Gegner der Wiedervereinigung von 2018 monierten, die Übernahme von Praxair sei der erste Schritt, um Linde an die Vereinigten Staaten zu verkaufen. Die Geschäfte werden seither aus den USA geführt, der Firmensitz ist die Steueroase Dublin, übrig blieb allein der Firmenname. »Die deutschen Aktivitäten mit 7.000 Mitarbeitern, davon die Hälfte im Raum München, degradieren zum Filialbetrieb«, kommentierte damals die FAZ.

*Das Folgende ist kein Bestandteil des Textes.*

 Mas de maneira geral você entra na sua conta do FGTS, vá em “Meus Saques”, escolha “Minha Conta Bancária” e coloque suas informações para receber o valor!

Widerworte gab es von sogenannten Kleinanlegern. So stimmte die Fondsgesellschaft Union Invest von der genossenschaftlich organisierten DZ Bank am Mittwoch gegen den Rückzug von Linde aus dem Dax. Die Vorteile für den Konzern seien »marginal«, »der negative Effekt für die heimischen Investoren überwiegt«, teilten die Manager mit. Auch die Investmentbanker der Deka-Bank klagten, es werde »deutlich, dass letztlich Praxair Linde übernommen hat und nicht umgekehrt.« Es handele sich um »eine Übernahme durch die Hintertür«. Besonders empört zeigte sich die Schutzvereinigung für Wertpapierbesitz: »Entweder Linde hat die Strategie gewechselt, oder das Unternehmen war den Aktionären gegenüber nicht ehrlich.« Letztlich verkam der Protest des sogenannten deutschen Mittelstands aber zum Zwergenaufstand. Bei Linde haben die großen US-Fonds das sagen: Vanguard, State Street und Blackrock heißen die üblichen Verdächtigen, die die Anlegerstruktur dominieren. Fast drei Viertel der Aktien werden mittlerweile von US-Investoren gehalten.

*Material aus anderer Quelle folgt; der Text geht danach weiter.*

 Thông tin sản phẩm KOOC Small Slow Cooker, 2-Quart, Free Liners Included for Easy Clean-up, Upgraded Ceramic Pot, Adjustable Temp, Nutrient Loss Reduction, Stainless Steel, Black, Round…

Die Argumente für den Wechsel über den Atlantik wiegen schwerer. Der Dax ist den Aktionären zu klein. Sobald ein Unternehmen die Schwelle von zehn Prozent des gesamten Marktwerts in dem 40 Konzerne umfassenden deutschen Aktienindex übersteigt, muss es Aktien verkaufen. Insbesondere sogenannte Exchange-Traded-Fonds (ETF), die ganze Indizes in ihrem Portfolio nachzeichnen, müssen dann Wertpapiere abstoßen. Der Vorstandsvorsitzende von Linde, Sanjiv Lamba, hat des öfteren bemängelt, dass sich das negativ auf die Kursentwicklung der Konzernaktie auswirkt. Zudem entfalle der Mehraufwand der doppelten Bilanzierung. Unter dem Strich dürfte der weitaus größere US-Aktienmarkt schlichtweg höhere Renditen versprechen.

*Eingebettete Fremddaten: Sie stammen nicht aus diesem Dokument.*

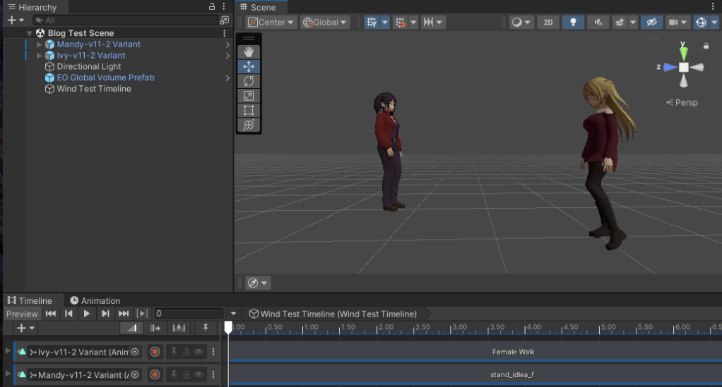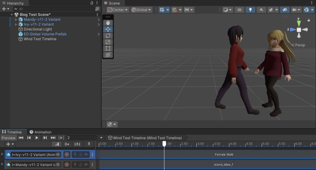 For example, here are two characters. I want Ivy on the left to walk up to and stop in front of Mandy on the right at exactly the 2 second mark.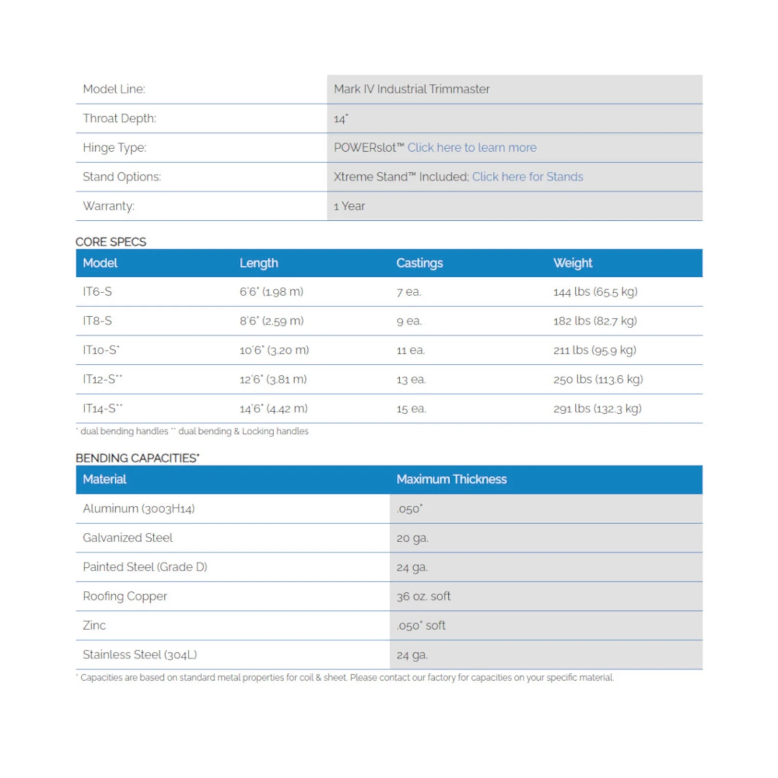 - Power Lock bar provides crisp bends without oil canning/warping

Das Delisting von Linde fällt in eine Zeit, in der die US-Regierung große Subventionsprogramme für Kapital aus dem Ausland auflegt. Die Deindustrialisierung der BRD schreitet weiter voran. Wer will schon in einem Land investieren, wo die Regierung die Energiepreise in die Höhe treibt und einen langen Krieg in Europa führt? Standortvorteile sehen anders aus. Es passt ins Bild: Für Linde im Dax nachrücken wird aller Voraussicht nach die Rüstungsschmiede Rheinmetall.